Famous for his value approach, the late Walter Schloss has probably had the most influence on me of any investor. He bought cheap stocks and held them until they weren't cheap anymore. He eschewed computers and research services, relying primarily on Value Line and the Standard & Poor's Stock Guide. He came to work and 9 a.m. and left at 4:30 p.m.

Schloss made the market work for him by buying on a scale and taking advantage of fluctuations to build a position. And he didn't let news and noise influence him very much, saying once that "I don't like stress and prefer to avoid it. I never focus too much on market news and economic data. They always worry investors."

It is this style that best fits my approach to investing.

Schloss was also aware that depressed stocks almost never turn around as soon as you buy them. In fact, they usually go down and you have to have the "guts" to buy more when that happens.

That's the case with Stage Stores (SSI). The stock is cheap so I bought some of the retailer. After the company had a lousy earnings report and guided down for the year, the market crushed SSI. But I took note that in the same announcement, management said that they were reinstating the buyback program as the stock was too cheap at current levels.

Stage Stores' sales and earnings dropped in large part because of low oil prices in many of the company's markets and a strong dollar in its stores along the border. These are not permanent conditions, however, and the stock is trading at half of book value right now.

The company declared a regular dividend for the quarter and the shares currently yield about 8%. Even if it was cut in half next year, SSI is a high-yielding stock. I haven't added yet but I will be before too long.

It is exactly the same situation at Northwest Pipe (NWPX). Shares of the Vancouver, Wash.-based water infrastructure company were cheap, so I bought some. Then, the company reported earnings and the stock fell some more. I have not bought more yet, but it is a safe bet that I will.

Northwest Pipe is looking for a buyer for its tubular steel division in order to focus on the water transmission business and I think that is a terrific move. The water infrastructure in the U.S. needs repairs and upgrades and Northwest Pipe will be a huge beneficiary when that money finally starts flowing. The stock trades at 50% of book value and the balance sheet is strong enough for the company to survive until it thrives again.

I have not bought back into L.S. Starrett (SCX) yet but it is definitely on my radar screen. I owned the stock a few years ago and did very well with it. I will be happy to buy it again when we get a decent market decline.

Based in Massachusetts, Starrett makes tools such as chalk lines, saw blades and vision measuring equipment. While its business may not be exciting, the stock is getting cheap, trading at just 83% of book value. The balance sheet is strong and as the global economy slowly improves so will sales and earnings.
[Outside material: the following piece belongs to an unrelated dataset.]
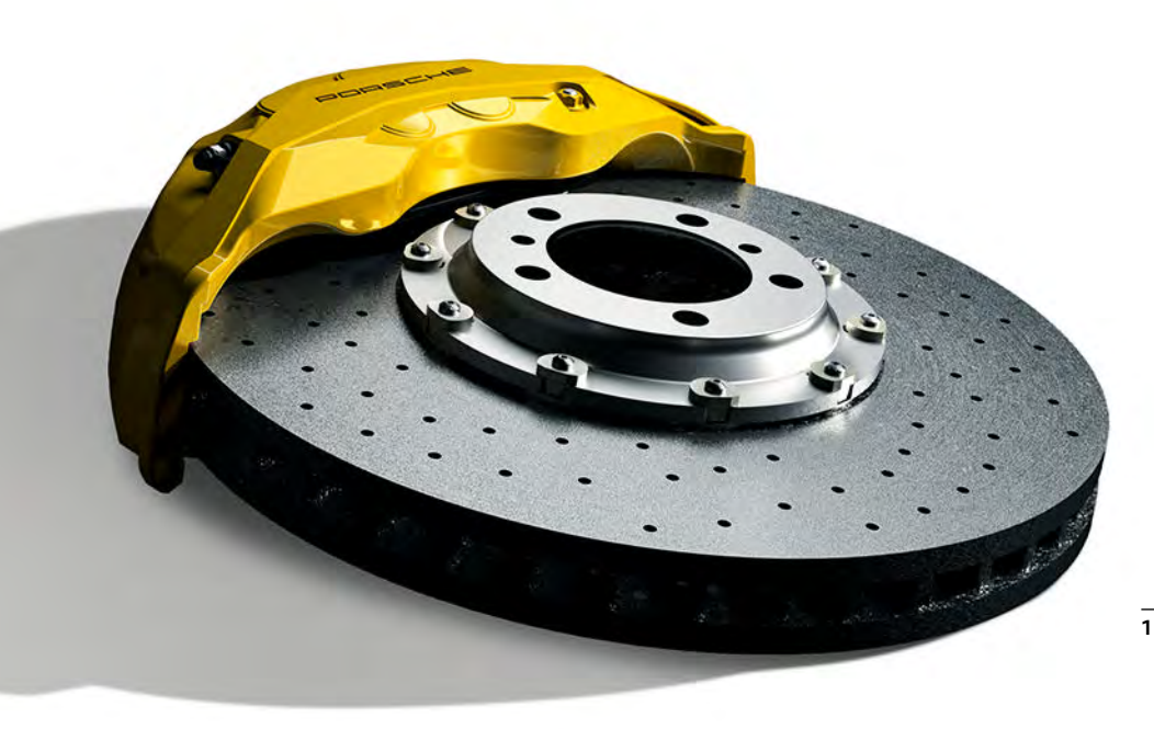
1 Porsche Ceramic Composite Brake (PCCB): brake disc diameter 440mm front and 410mm rear

SCX is currently yielding some 3.6%, so you enjoy a decent yield while you wait for conditions to improve. Insiders own 17.5% of the stock, so they have plenty of incentive to keep things on track until business improves.

CDI Corp. (CDI) has a large presence in staffing for oil and gas companies. As a large part of the company's client base has been laying people off, not searching for new hires, business is not very good right now. However, CDI is taking steps to diversify away from oil and gas and recently bought EdgeRock, a staffing company with more of an IT focus.

In the meantime, CDI stock is very cheap, currently trading at 65% of tangible book value and about 80% of net current assets. The company is financially strong and should be able to withstand the rocky industry conditions until things turn around. Insiders own 10% of the shares so they have skin in the game and plenty of incentive to get the stock price higher over time.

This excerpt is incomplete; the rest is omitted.